I made a somewhat small shawl, because that's all the yarn I had of this type. But after trying it on, I've decided that I really like how it's shorter in front - it's handy for keeping your back and upper arms warm, but you still have good mobility. I haven't decided how to fasten it yet - either a shawl pin of some sort, or I might try to work a button fastening.

To start off, make 5 chain stitches and slip stitch them together in a loop.
Make approximately 8 double crochet stitches in this loop (this number will depend on the size of your stitches and the weight of your yarn - you want to make enough to go about two thirds around the circle)
Turn, chain 3, and double crochet twice in each stitch to the end of the row.
Turn, chain 3, and double crochet twice in the first stitch, once in the second, repeating until end.
Turn, chain 3, double crochet twice in the first stitch, once each in the next two, repeating until end.

This process will continue throughout the entire piece. It's how you expand a circular (or semi-circular) piece so that it will grow outwards but still lay flat, without curving like a hat or bowl. For each row increase the number of solitary double crochets between the two double crochets (increase) by one.

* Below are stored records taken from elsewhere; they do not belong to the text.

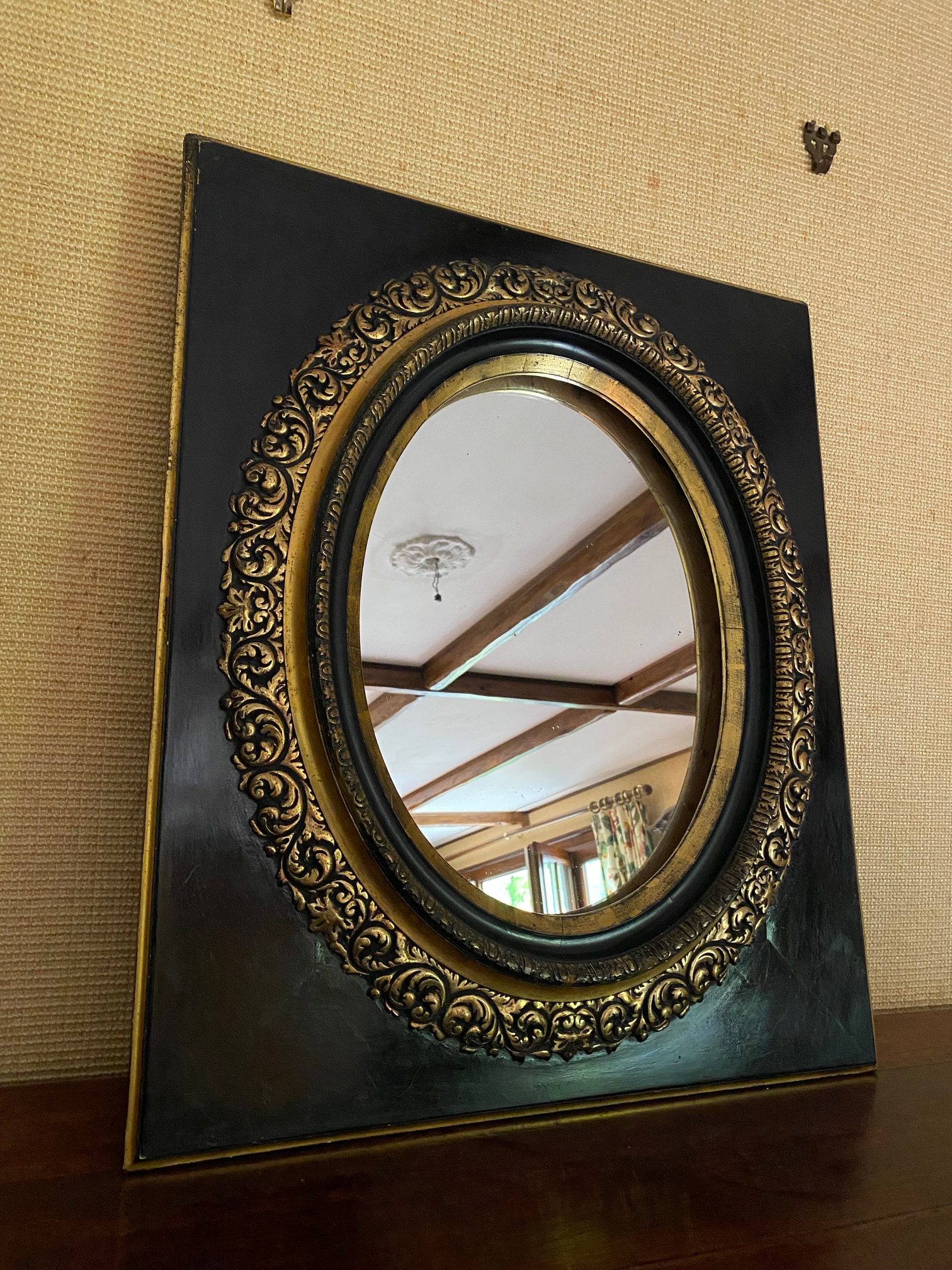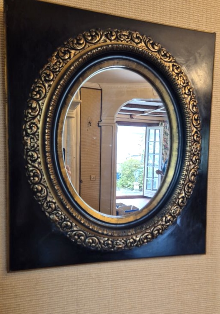 กระจกเงากรอบไม้ทรงรีมือสองฝรั่งเศส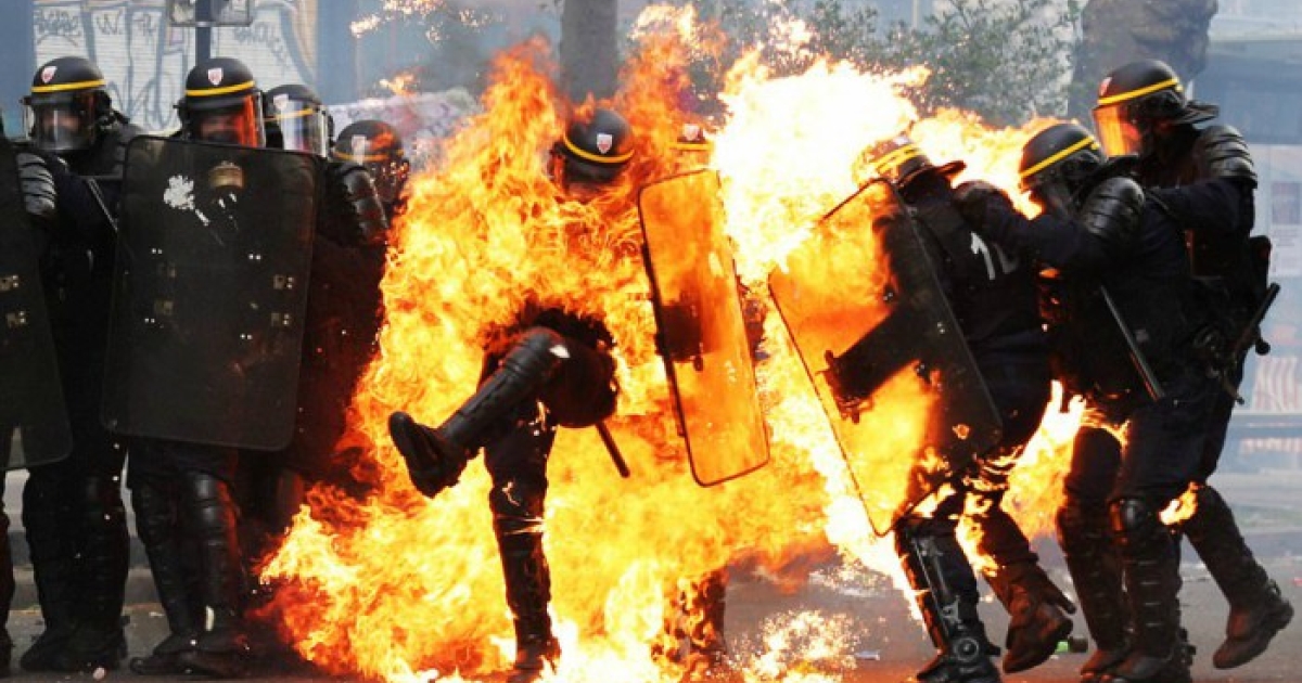 Συγκρούσεις στο Παρίσι, πήραν φωτιά αστυνομικοί (pics)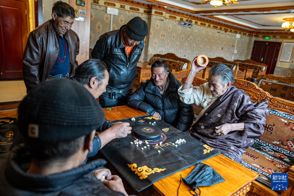4月25日,老人們在那曲市色尼區(qū)老年人日間照料中心玩藏式骰子。新華社記者 丁增尼達 攝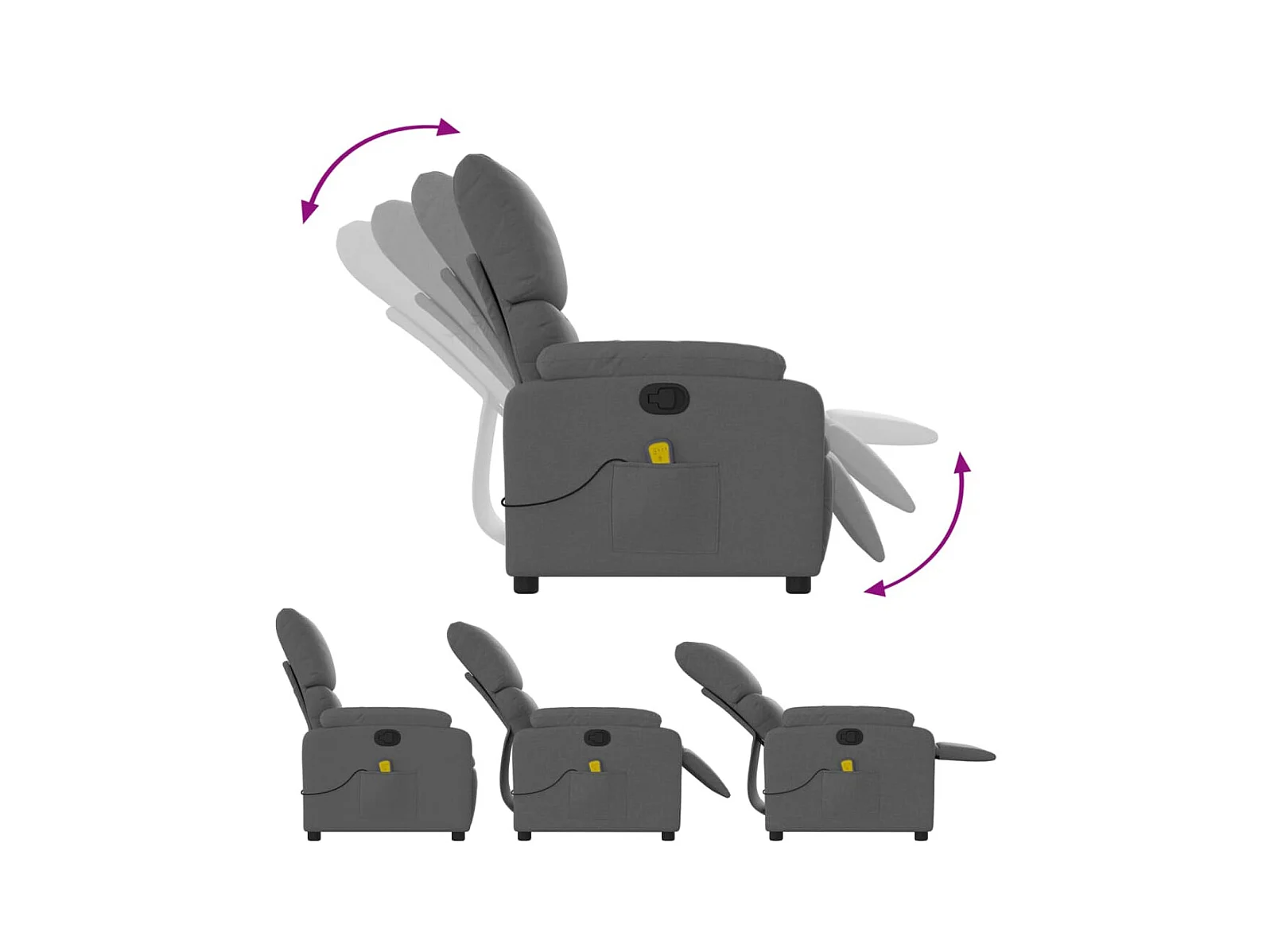Fauteuil de massage inclinable et repose-pieds gris foncé tissu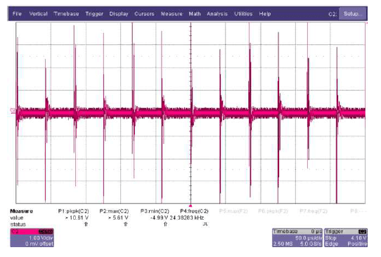 High-frequency noise in manufacturing environment is largely transient signals and repeatable pulsed signals. The waveform of the signals is quite different from the ESD Events. There is no sharp rise time; the ringing is frequently present and the signal is often periodic (Figure 7). The repetition of EMI signal is largely synchronized with one of the following: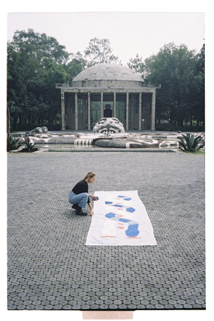 Inspirada en la figura de Coatlicue, símbolo mexica de la vida y la muerte, Devoción Terrenal exploró la coexistencia de los opuestos a través del textil, reinterpretando a la diosa no desde su relato mitológico, sino desde su esencia filosófica. La instalación desmembró su forma para reconstruirla como un principio universal: el ciclo constante de creación y disolución.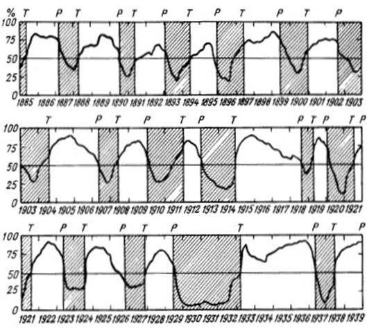 Обозначения: (-) – сокращение, (+) – увеличение, (*) – стабильное состояние. Данные экономические показатели используются для характеристики экономической конъюнктуры. В зависимости от того, как изменяется значение экономических параметров в ходе цикла, они делятся на проциклические, контрциклические и ациклические. Проциклические параметры в фазе подъема в фазе подъема увеличиваются, а в фазе спада уменьшаются (общий уровень цен, прибыли корпораций, агрегаты денежной массы и т. д.). Контрциклические параметры, наоборот, увеличиваются во время спада, а во время подъема уменьшается (уровень безработицы, число банкротств и т.д.) Ациклическими называются показатели, динамика которых не совпадает с фазами экономического цикла (например, объем экспорта). Кроме того различают три вида параметров по признаку синхронизации – опережающие, запаздывающие и соответсвующие. Опережающие достигают максимума или минимума перед приближением пика или низшей точки (изменения в запасах, денежной массе). Запаздывающие достигают максимума или минимума после пика или низшей точки (численность безработных, удельные расходы на зарплату и т. п.). Совпадающие параметры изменяются в соответсвии с колебанием экономической активности (ВНП, уровень инфляции, объем промышленного производства и т. п.). 1.2. Классификация и периодичность циклов Экономические циклы, несмотря на наличие у них общих фаз, обладают неповторимостью благодаря различным значениям параметров фаз (амплитуда, длина и т. д.). Это обстоятельство явилось причиной того, что еще с начала XIX в. разные экономисты выделяли различные экономические циклы. Эти циклы выделялись по признаку длины цикла. В этом вопросе, как впрочем и во многих других, касающихся деловых циклов, единого мнения среди экономистов не существует. Это и понятно, поскольку, по-моему, очень трудно «подстроить» все циклы под какой-то определенный тип, определенную временную рамку. Этот процесс «подстройки», по-моему, выглядит по меньшей мере искусственным. Выдвинутое положение также наглядно подтверждает следующий график, который показывает циклические фазы экспансии и сжатия. Другими словами, график изображает периодичность деловых циклов на примере Соединенных Штатов Америки в соответствии с хронологией, установленной Национальным бюро экономических исследований. Рис. 1.7 Циклические фазы экспансии и сжатия (кривая показывает, каков процент экономических временных рядов, испытывающих циклическую экспансию. Буквы Т и Р обозначают соответственно низины и вершины общего экономического цикла)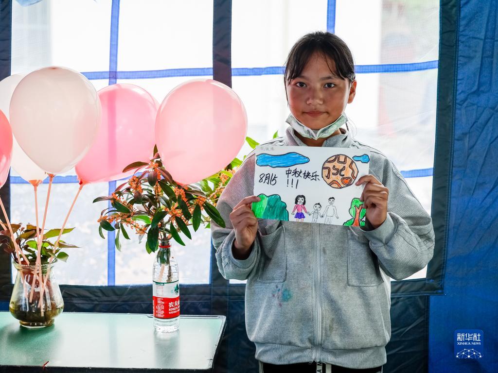 9月10日是中秋節,也是教師節,這些志愿者自費買(mǎi)來(lái)氣球、彩色貼紙、文具等,將三個(gè)帳篷裝點(diǎn)成“帳篷課堂”,帶領(lǐng)孩子們畫(huà)畫(huà)、做游戲、制作創(chuàng )意“月餅”等,一同度過(guò)特別的暖心節日。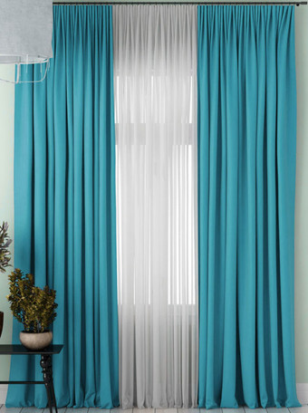 | Информация | ? Комплект штор Pasionaria Блэкаут 340x230 с подхватами (бирюзовый) - это набор из светонепроницаемой плотной ткани, который включает в себя также однотонную легкую вуаль. |

Make five rows of double crochet from the beginning.
On the sixth row, double crochet in the first stitch, then chain 1, skip a stitch, and double crochet in the next stitch. This creates the lacy row. When you hit a spot where you need to increase, double crochet, chain 1, but then double crochet in the immediate next stitch rather than skipping one.

Between each 'lace' row, make three rows of solid double crochet. You can continue this pattern as long as you want to make a bigger shawl. I ended up with six 'lace' rows, and added one on the end to make a border.

Making a shawl that is more than just a half circle means that it is slightly shaped, and will stay on your shoulders fairly well even without a fastener. It also reduces the bulk that can build up at the back of your neck with folds from a circular or square shawl.